Linux 通过 Supervisor exporter 监控进程并报警

lework · 2019年11月04日 · 最后由 lework 回复于 2019年11月04日 · 260 次阅读
本帖已被设为精华帖!

需求

监控 supervisor 管理的进程状态,在进程异常退出的时候给出报警。

实现思路

将进程的状态信息数据发送给 Prometheus,通过 Prometheus 进行报警。

上一篇文章利用 Supervisor 的 Event & Listener 监控进程并报警 已经完全满足需求了,那为啥还要这种方式么?我想有两个点吧,1. 内部环境中存在 Prometheus 监控报警体系,将报警统一到平台中,方便管理。2.通过平台可以看到进程的趋势图,比如进程的 cpu,内存。。不过这个方案也有个缺点,就是报警不及时。有人人说了,node_exporter 也可以监控 supervisor 进程呀。为啥非要自己开发,我只能说,方案千千万,适合自己最好。

下面介绍下这次用到的知识

Superver RPC

通过连接 supervisor 的XML-RPC接口,可以管理并查看进程的信息

连接接口

python2 使用 xmlrpclib

import xmlrpclib
server = xmlrpclib.Server('http://localhost:9001/RPC2')

Python 3 使用xmlrpc.client

from xmlrpc.client import ServerProxy
server = ServerProxy('http://localhost:9001/RPC2')

这次我们使用的是getAllProcessInfo() API,其他 API 请到XML-RPC API

返回的格式如下:

[
 {
 'name':           'process name',
 'group':          'group name',
 'description':    'pid 18806, uptime 0:03:12'
 'start':          1200361776,
 'stop':           0,
 'now':            1200361812,
 'state':          20,
 'statename':      'RUNNING',
 'spawnerr':       '',
 'exitstatus':     0,
 'logfile':        '/path/to/stdout-log', # deprecated, b/c only
 'stdout_logfile': '/path/to/stdout-log',
 'stderr_logfile': '/path/to/stderr-log',
 'pid':            1
 }
]

Prometheus client_python

client_python 是 Prometheus 的 python 客户端,具体请看官方文档github

本次用到的数据类型

  • Counter Counter 可以增长,并且在程序重启的时候会被重设为 0,常被用于任务个数,总处理时间,错误个数等只增不减的指标。

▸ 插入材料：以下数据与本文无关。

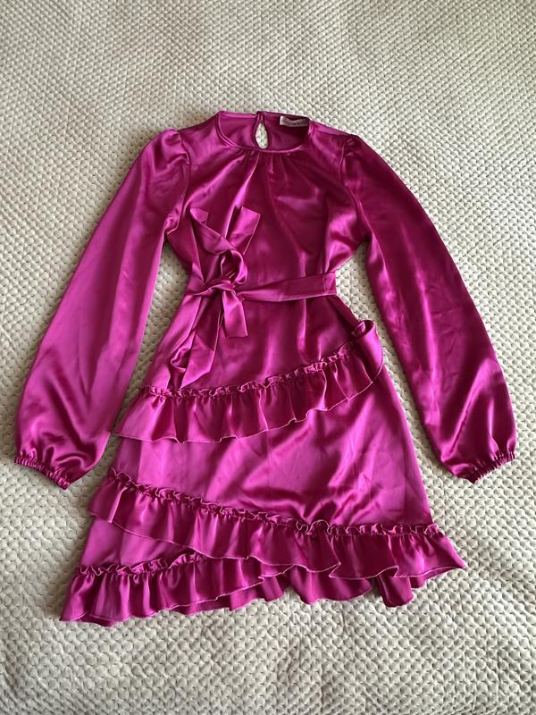 Атласное малиновое платье Очень приятный на ощупь, одевала один раз Есть небольшой дефект на последнем фото Дополнительно есть пояс
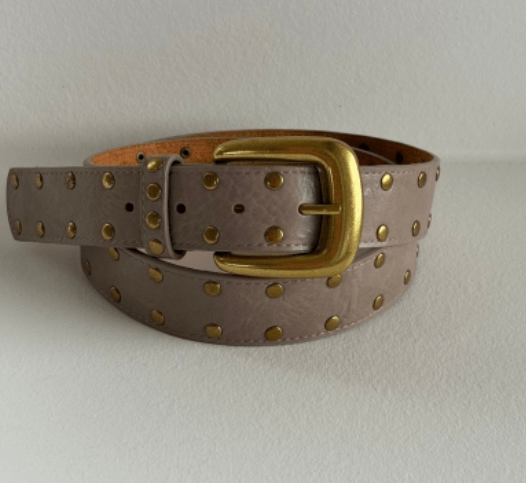 Lækkert nougat farvet bælte med messing farvet nitter og spænde fra Three M.
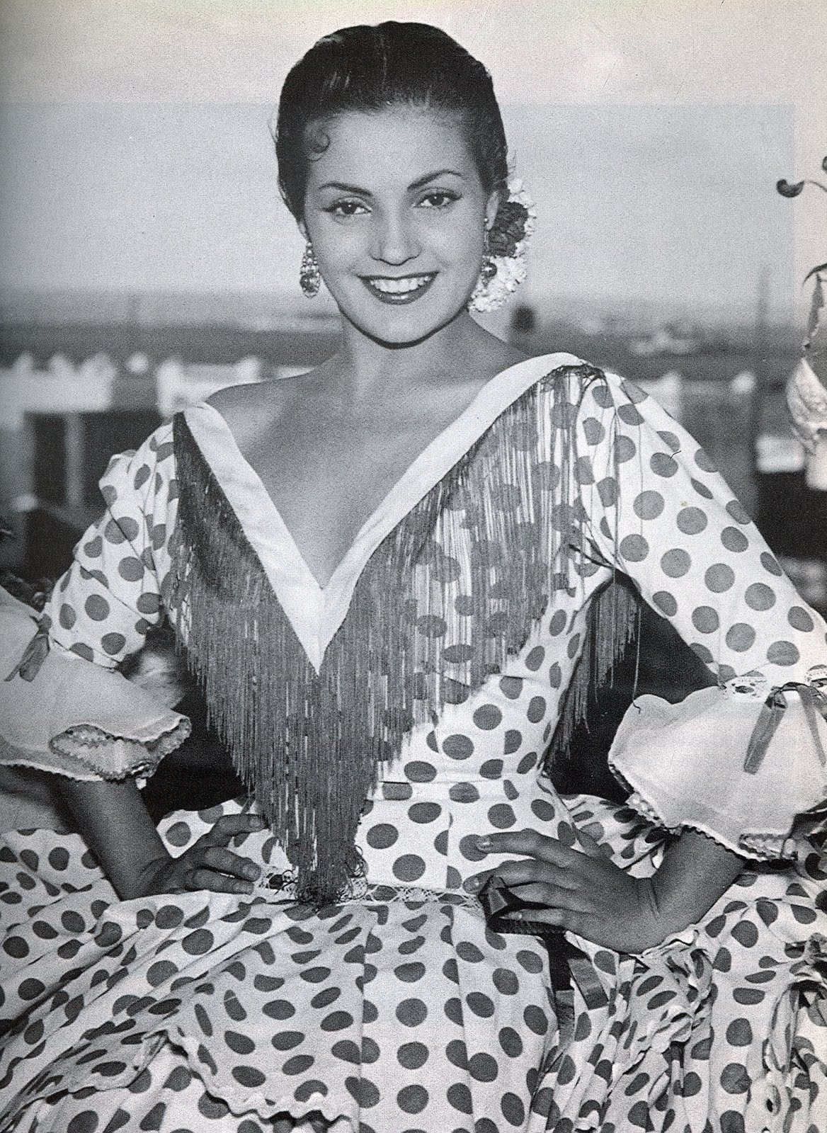 En 1958 se paseaba iluminada por las luces de la feria. Ninguna concesión folclórica, melena cardada, jersey de lana demasiado escotado y entubada hasta el desmayo. La imagen de la modernidad.

  • Gauge Gauge 与 Counter 类似,唯一不同的是 Gauge 数值可以减少,常被用于温度、利用率等指标。

实现步骤

实现脚本

#!/usr/bin/python
# -*- coding: utf-8 -*-

# @Time    : 2019-10-15
# @Author  : lework
# @Desc    : 收集supervisor的进程状态信息,并将信息暴露给Prometheus。

# [program:supervisor_exporter]
# process_name=%(program_name)s
# command=/usr/bin/python /root/scripts/supervisor_exporter.py
# autostart=true
# autorestart=true
# redirect_stderr=true
# stdout_logfile=/var/log/supervisor/supervisor_exporter.log
# stdout_logfile_maxbytes=50MB
# stdout_logfile_backups=3
# buffer_size=10


from xmlrpclib import ServerProxy
from prometheus_client import Gauge, Counter, CollectorRegistry ,generate_latest, start_http_server
from time import sleep

try:
    from BaseHTTPServer import BaseHTTPRequestHandler, HTTPServer
except ImportError:
    # Python 3
    from http.server import BaseHTTPRequestHandler, HTTPServer

def is_runing(state):
    state_info = {
            # 'STOPPED': 0,
            'STARTING': 10,
            'RUNNING': 20
            # 'BACKOFF': 30,
            # 'STOPPING': 40
            # 'EXITED': 100,
            # 'FATAL': 200,
            # 'UNKNOWN': 1000
    }
    if state in state_info.values():
        return True
    return  False


def get_metrics():
    collect_reg = CollectorRegistry(auto_describe=True)

    try:
        s = ServerProxy(supervisord_url)
        data = s.supervisor.getAllProcessInfo()
    except Exception as e:
        print("unable to call supervisord: %s" % e)
        return collect_reg

    labels=('name', 'group')

    metric_state = Gauge('state', "Process State", labelnames=labels, subsystem='supervisord', registry=collect_reg)
    metric_exit_status=Gauge('exit_status', "Process Exit Status", labelnames=labels, subsystem='supervisord', registry=collect_reg)
    metric_up = Gauge('up', "Process Up", labelnames=labels, subsystem='supervisord', registry=collect_reg)
    metric_start_time_seconds=Counter('start_time_seconds', "Process start time", labelnames=labels, subsystem='supervisord', registry=collect_reg)

    for item in data:
        now = item.get('now', '')
        group = item.get('group', '')
        description = item.get('description', '')
        stderr_logfile = item.get('stderr_logfile', '')
        stop = item.get('stop', '')
        statename = item.get('statename', '')
        start = item.get('start', '')
        state = item.get('state', '')
        stdout_logfile = item.get('stdout_logfile', '')
        logfile = item.get('logfile', '')
        spawnerr = item.get('spawnerr', '')
        name = item.get('name', '')
        exitstatus = item.get('exitstatus', '')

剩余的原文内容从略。